Who can blame companies reluctant to invest in this environment? Risk-taking is daunting even in predictable times. But to illustrate the reality that Trump's eventual exit won't quickly prompt an investment boom, look to the biggest driver of near-term uncertainty in today's global economy: The U.S.-China trade war has destabilized the world's most important bilateral economic relationship.
But China's current administration, which is likely to last far longer than Trump's, has done more to bring the two governments to this moment of confrontation than anyone in Washington has. After decades of unfair trade and investment practices, highlighted by U.S. presidents of both parties, and by European governments, as well, Chinese President Xi Jinping has consolidated power in ways that have made it more difficult for foreign companies to do business in China.
As Xi promotes a more assertive China, across and beyond Asia, he has proven increasingly willing to use economic power to coerce countries and companies to publicly accept the Chinese government's view of China and its place in the world. Earlier this year, in response to pressure on Chinese tech giant Huawei, China restricted imports of canola oil from Canada and coal from Australia.
To quell pro-democracy protests in Hong Kong, China's government has threatened airline Cathay Pacific for allowing its employees to join demonstrations.
In August, the Financial Times reported that the E.U. chamber of commerce recently warned European businesses that they would be subject to a corporate version of the "social credit system," Beijing's latest effort to combine technology with social control, creating a pervasive monitoring regime that rewards and punishes businesses for everything from environmental regulations to the behavior of their managers and potentially political criteria such as "endangering national security." These controls will outlast whatever trade war is currently being waged with the United States.
Trump has worked to weaponize trade as a tool of foreign policy, but China has been doing it longer and much more effectively, in part because Xi, unlike Trump, has little fear that voters, opposition lawmakers or an independent judiciary will stand in his way.

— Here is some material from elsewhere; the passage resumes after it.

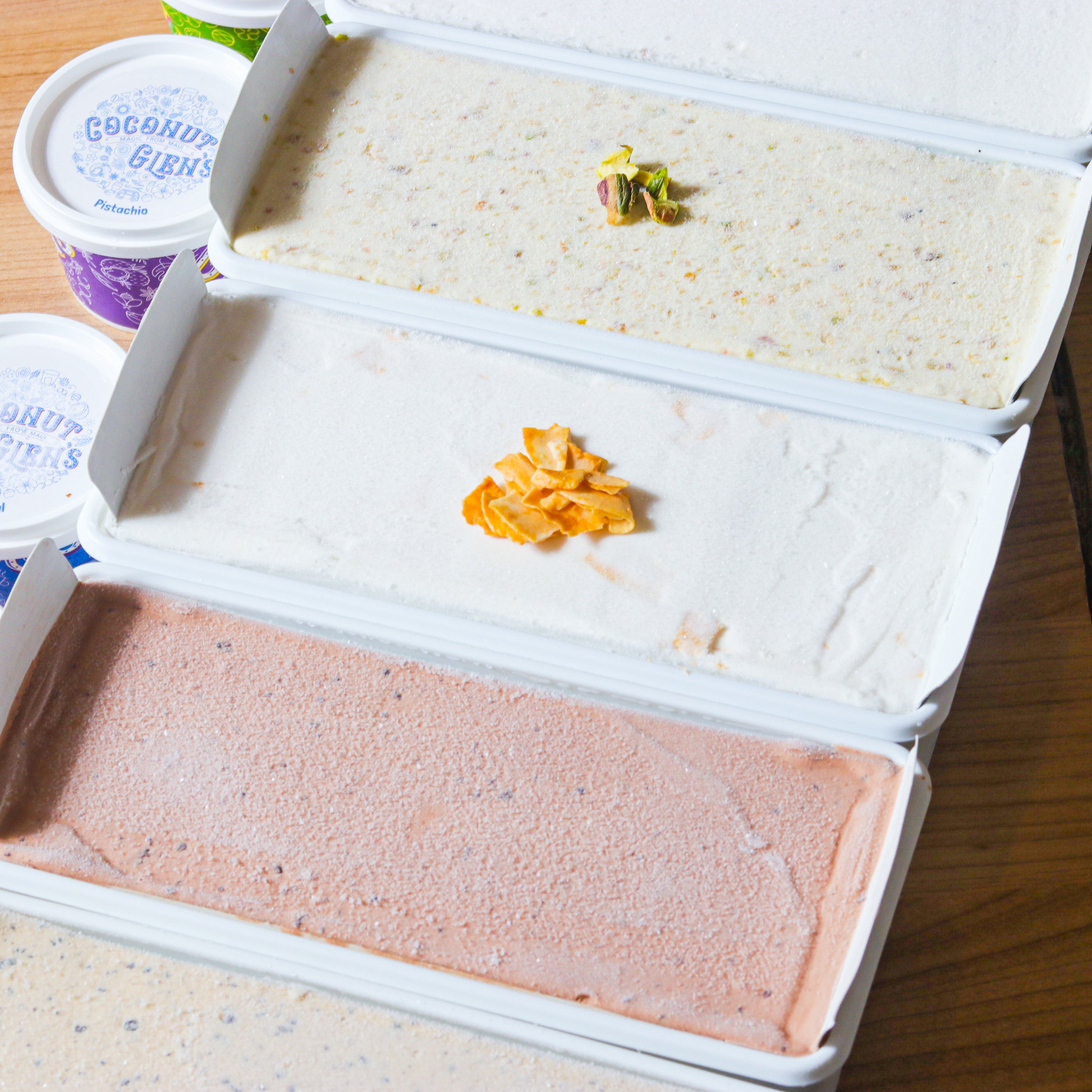 当店では乳製品を使用しない代わりに、厳選したオーガニックのココナッツミルクを惜しみなく使用し、ココナッツクリームを手作りすることで、乳製品入りのアイスクリームに勝るとも劣らない濃厚な味わいを生み出しているのです。

There are other trade battles generating uncertainty for business investment. In some of them, Trump is a critical player, notably regarding his threats to impose auto tariffs on the E.U. Others have nothing to do with him. Brazilian President Jair Bolsonaro's pushback against international pressure to stop large-scale fires in the Amazon region could scuttle the E.U.-Mercosur trade deal, as French president Emmanuel Macron has warned. Japan and South Korea remain locked in a trade fight. In today's world, there is no single government or alliance of like-minded governments willing and able to referee such problems.

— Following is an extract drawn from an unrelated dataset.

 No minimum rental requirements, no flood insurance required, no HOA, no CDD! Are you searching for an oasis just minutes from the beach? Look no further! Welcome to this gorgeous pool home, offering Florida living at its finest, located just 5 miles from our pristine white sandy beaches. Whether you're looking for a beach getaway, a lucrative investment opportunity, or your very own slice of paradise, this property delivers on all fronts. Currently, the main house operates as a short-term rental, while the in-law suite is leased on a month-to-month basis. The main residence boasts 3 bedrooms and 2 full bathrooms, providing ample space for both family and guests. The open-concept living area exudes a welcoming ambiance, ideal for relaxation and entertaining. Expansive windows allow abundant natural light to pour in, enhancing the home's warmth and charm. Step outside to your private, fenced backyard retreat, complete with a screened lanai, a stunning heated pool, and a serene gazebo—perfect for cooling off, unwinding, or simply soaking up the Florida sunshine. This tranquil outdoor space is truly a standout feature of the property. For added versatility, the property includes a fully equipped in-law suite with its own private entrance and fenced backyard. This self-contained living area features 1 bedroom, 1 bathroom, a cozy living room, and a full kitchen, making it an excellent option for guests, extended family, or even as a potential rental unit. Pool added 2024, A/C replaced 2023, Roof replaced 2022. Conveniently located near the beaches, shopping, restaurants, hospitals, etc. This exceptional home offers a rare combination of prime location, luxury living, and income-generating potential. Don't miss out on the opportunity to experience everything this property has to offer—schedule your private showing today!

A geopolitical recession makes crises more likely. What if cyberattacks between Russia and the United States escalate into damage to each country's critical infrastructure? What if an accident in the Persian Gulf or the South China Sea sends local powers stumbling into a shooting war? What if Venezuela's regime collapses? Sound far-fetched? So did the Arab Spring uprisings, Syria's civil war, Russia's lunge into Ukraine, the Brexit vote, and election surprises in the United States, France, Italy, Mexico and Brazil.
This uncertainty is now fueling fears of an economic recession in the United States. The reluctance to invest can, of course, make anxiety over possible recession a self-fulfilling prophecy, and the prospect of contraction in the world's largest economy then stokes fear of a global slowdown. Trump isn't helping, but this will remain a challenge for the next president, whomever that may be and whenever that person arrives.